With regard to ‘unpaid internships’ etc…

I would have to point out that in our recent history we have regulated ‘work’ to a moralistic level similar to marriage etc all those years ago,

An employer seemingly has to ‘marry’ a worker nowadays!!

In terms of rights, duty of care, etc the cost of facilitating work nowadays needs to be looked at.

Workers are of course better off now!, but, how many people are working?

@ Andrew McDowell,

Your point is very well made, and is particularly relevant from the point of view of smaller enterprises and the environment they have to exist within. I will pick up on Brian Lucey’s comments he made on morning Ireland radio the other day – that it should be possible to include economists on the staff of all major departments in Ireland today. There are implications arising out of the general trend of policy as dictated by government, for any specific branch of the permanent government. It would be helpful if economists were distributed widely between the different branches of permanent government, to record how general policy direction shifts do affect the individual branches. Say, if you had a couple of economists working in the department for entreprise, trade and employment – say one concentrated on small to medium scale, and others looking at the larger picture. They would be able to process information into a publish-able format, that could be used as reference material for a wider community of academic, public servant and other professional economists.

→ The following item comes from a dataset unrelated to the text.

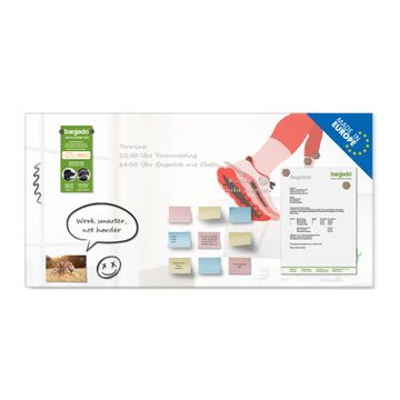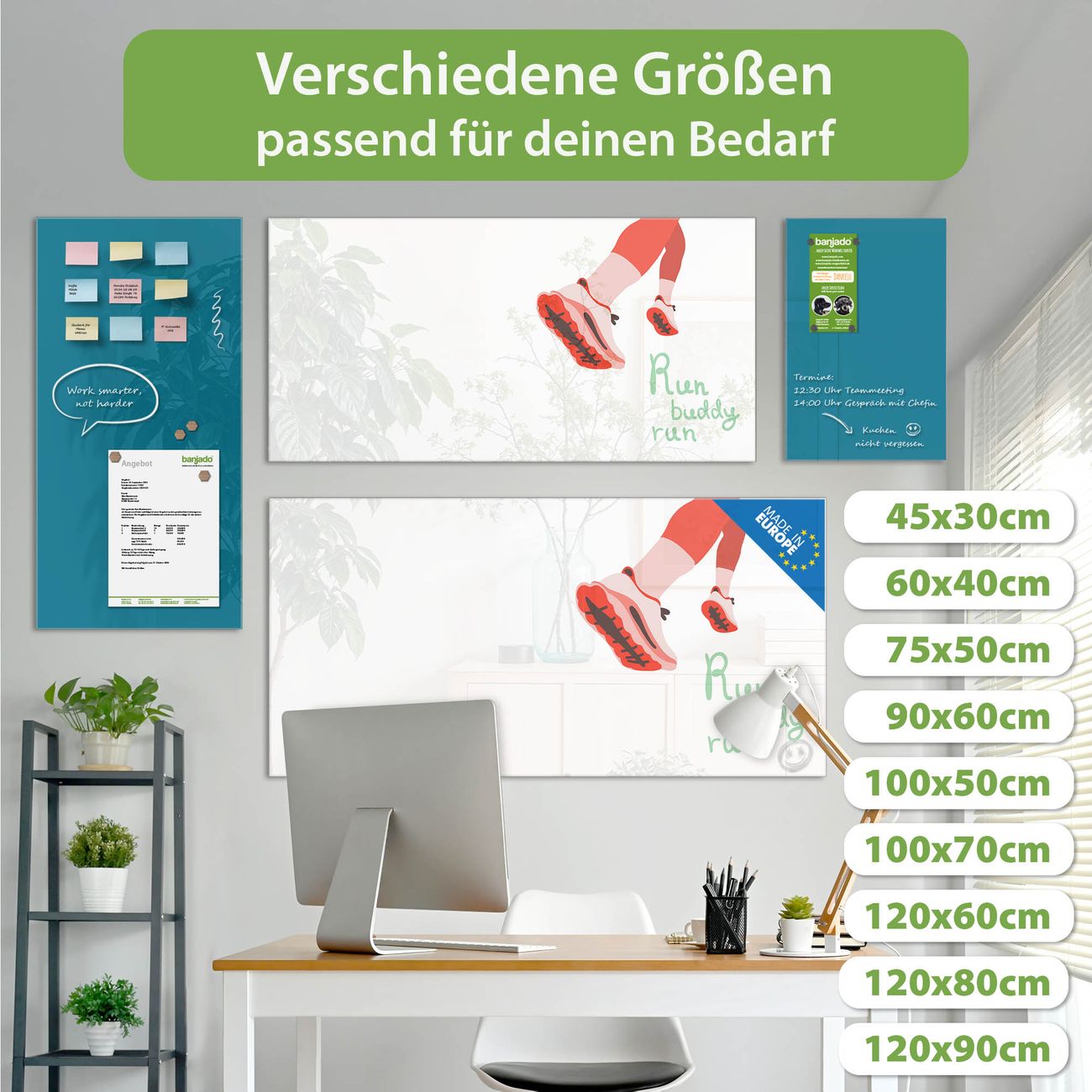 Material: 4mm Sicherheitsglas mit Metallrückwand Eigenschaften: beschreibbar, magnetisch, kratzfest Maße: 100x50x0,6cm, 7,50kg schwer Motiv Nummer 13373 Laufschuh Bewegung Zubehör: inklusive 4 Neodym-Magnete

What I notice with economics as a profession in Ireland, is that much of the activity is driven by economists working in the academic or semi-academic side of it. Okay, you have guys like Ronan Lyons approaching it from a specific industry, and possibly more I am not familiar with. Brian Lucey used the example in his radio interview, of the OPW without engineers and architects. I have been turning over another analogy in my mind for the past day, and I think it fits. Not having economists in the various branches of permanent government, is like not having a weather forecast each evening at 6.00PM. One of the most crucial things in the early birth of the Irish nation, from the point of view of sea vessels, agriculture and ordinary people, was the weather forecasting service. Not having economists working and integrated into the various branches of permanent government in Ireland, is like being blind without the use of weather imaging satellites to try and forecast. As John Waters the journalist said of his days in pirate radio, the weather forecasting consisted of looking out the window. That is where we are with economics unfortunately, and there is no urgency about this matter. You can sense it in the soundbytes that PrimeTime plays all the time now. Noone could see this coming. No one was to blame. Irish banks are extremely well capitalised, etc, etc. BOH.

Least political resistance is always what will determine policy …..

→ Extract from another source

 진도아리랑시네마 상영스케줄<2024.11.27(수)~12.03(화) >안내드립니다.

Ireland deserves to continue to squander what many have sacrificed a great deal for. Keep it up! From peasants, back to peasants!

Peasants always over value land!

Building schools is an example of the smart economy!

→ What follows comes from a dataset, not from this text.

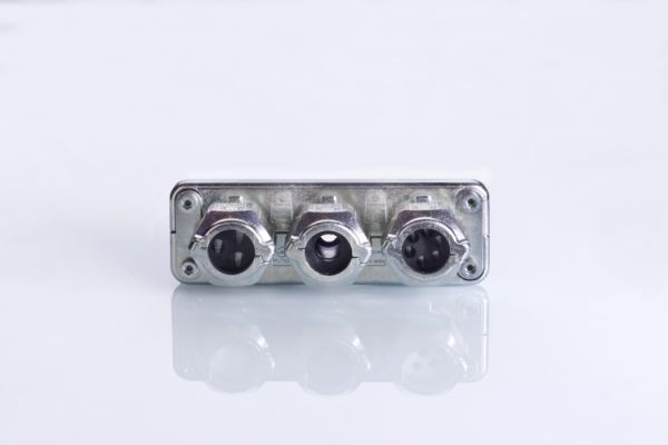 Teilbare Kabeldurchführung UNI FLANSCH HD aus Metall für raue Betriebsbedingungen, passend zu Schaltschrank-Standardausbruch 112x36, für konfektionierte Kabel, 3 integrierte Kabelverschraubungen ausrüstbar mit über 100 M25-Dichteinsätzen aus dem UNI Dicht-Programm passend für viele Kabel, großflächige, schonende Kabelabdichtung, Schutzarten IP 66 und Type 4

Broad band means we do not need schools!!!!

But peasants find it difficult to decide …. Land is always valuable, so let’s build!

There are smart peasants and there are moronic peasants ….. In times of famine, do we eat the seed corn or plant it?

When a peasant builds a road he steals what he can. He buils cheaply and says that the potholes are a source of wealth as he is paid every year to fill them in.

The concrete autobahns are still good though built in the thirties in Germany. I am amzed at the cute hoors in CRH that they have not paved Ireland with concrete. Guess they got more money adopting other methods!

Australia has been gently exterminating the “first Australians” for decades. We used to shoot them when they “stole” our cattle or sheep. Then we stole their children and put them into concentration camps (run by caring nuns and brothers……… ) now we give them social welfare money and discourage “people” from supplying them with alcohol.

Social welfare is the best way to exterminate people. After a few years they are unbiddable and do not make good slaves. Their minds are damagesdand their bodies are damaged by cheap food and drink. Crime is what others do not want you to do. Drinking in public. Doomadgee did that on Palm Island. So he was taken into custody where it has been judicially found that the sergeant split his liver with his knee. He says it was accidental, but the police who investigated are now under investigation for failing to investigate and fraternizing with the sergeant. Oh the ni**er? He died and his family and friends rioted. But he wasn’t human. His behaviour! He was always drinking. And swearing! That is how we deal with undesirables in Australia.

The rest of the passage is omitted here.